▶ **Supplied information**

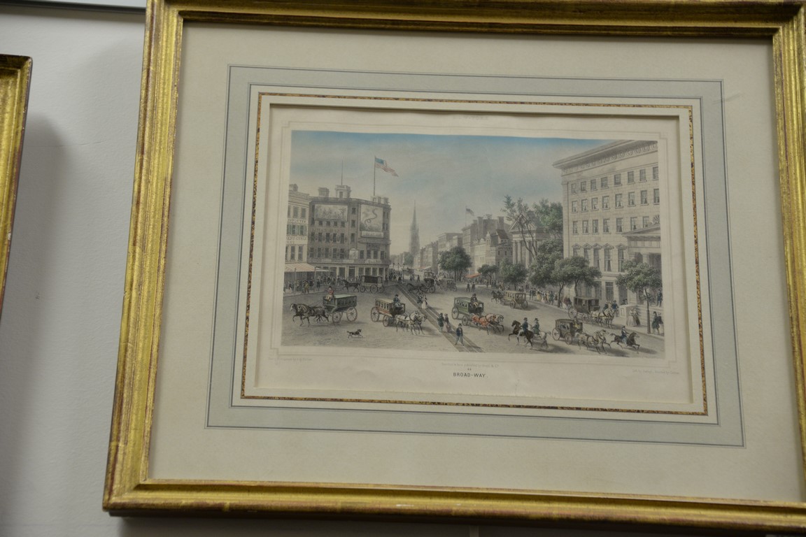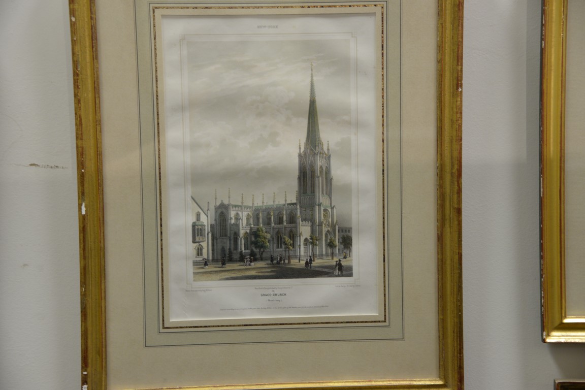 After Augustus Kollner 1813-1900 set of six hand colored lithographs Drawn from Nature by Augustus Kollner From Views of America Cities New York Scenes 1 Tomb of Washington 2 Broad-way 3 Albany General View 4 General View 5 Grace Church 6 Wall Street lithographed by Isidore Laurent Deroy printed by Cattier published in New York & Paris by Goupil Vibert & Co. sight size 9 3/4 x 13 and 13 1/2 x 9 3/4 Provenance: Property from Credit Suisse’s Americana Collection
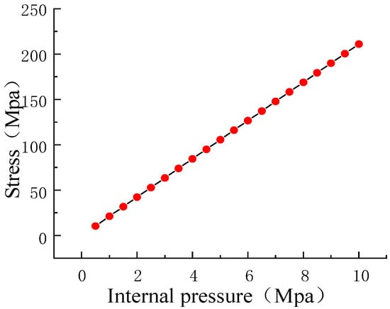 where Q is expansion coefficient, p is the internal pressure, R is the radius of pipeline, t is the wall thickness of the pipeline, and Dy is the defect depth. In addition, F is the stress intensity factor at the crack tip and only depends on the crack size and internal pressure. The radius R of the pipelines was 259 mm, the wall thickness t was 12 mm, the defect depth was 10 mm, the axial length was 1 mm, and the internal pressure of 0.5~10 MPa was applied to the pipeline. The calculated stress is shown in Figure 3.
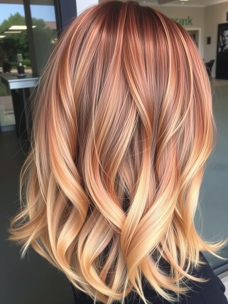 Achieve a seamless blend of tones with Blonde Ombre Balayage featuring Copper Highlights Colors Fall Hair. The transition from blonde to copper adds depth and vibrancy, perfect for a fall-inspired hairstyle. This look works exceptionally well for fans of Hair Color Caramel, offering a sophisticated and trendy option for medium to long hair. Add Sparkly Hair Accessories to elevate the style, making it suitable for both casual outings and formal occasions.

▶ **Your task**
The final stretch of the data, from the line with "where Q is expansion" through its last line, is to be retyped exactly; pictures are not part of the copy.

▶ **Result of this exercise**
 where Q is expansion coefficient, p is the internal pressure, R is the radius of pipeline, t is the wall thickness of the pipeline, and Dy is the defect depth. In addition, F is the stress intensity factor at the crack tip and only depends on the crack size and internal pressure. The radius R of the pipelines was 259 mm, the wall thickness t was 12 mm, the defect depth was 10 mm, the axial length was 1 mm, and the internal pressure of 0.5~10 MPa was applied to the pipeline. The calculated stress is shown in Figure 3.
 Achieve a seamless blend of tones with Blonde Ombre Balayage featuring Copper Highlights Colors Fall Hair. The transition from blonde to copper adds depth and vibrancy, perfect for a fall-inspired hairstyle. This look works exceptionally well for fans of Hair Color Caramel, offering a sophisticated and trendy option for medium to long hair. Add Sparkly Hair Accessories to elevate the style, making it suitable for both casual outings and formal occasions.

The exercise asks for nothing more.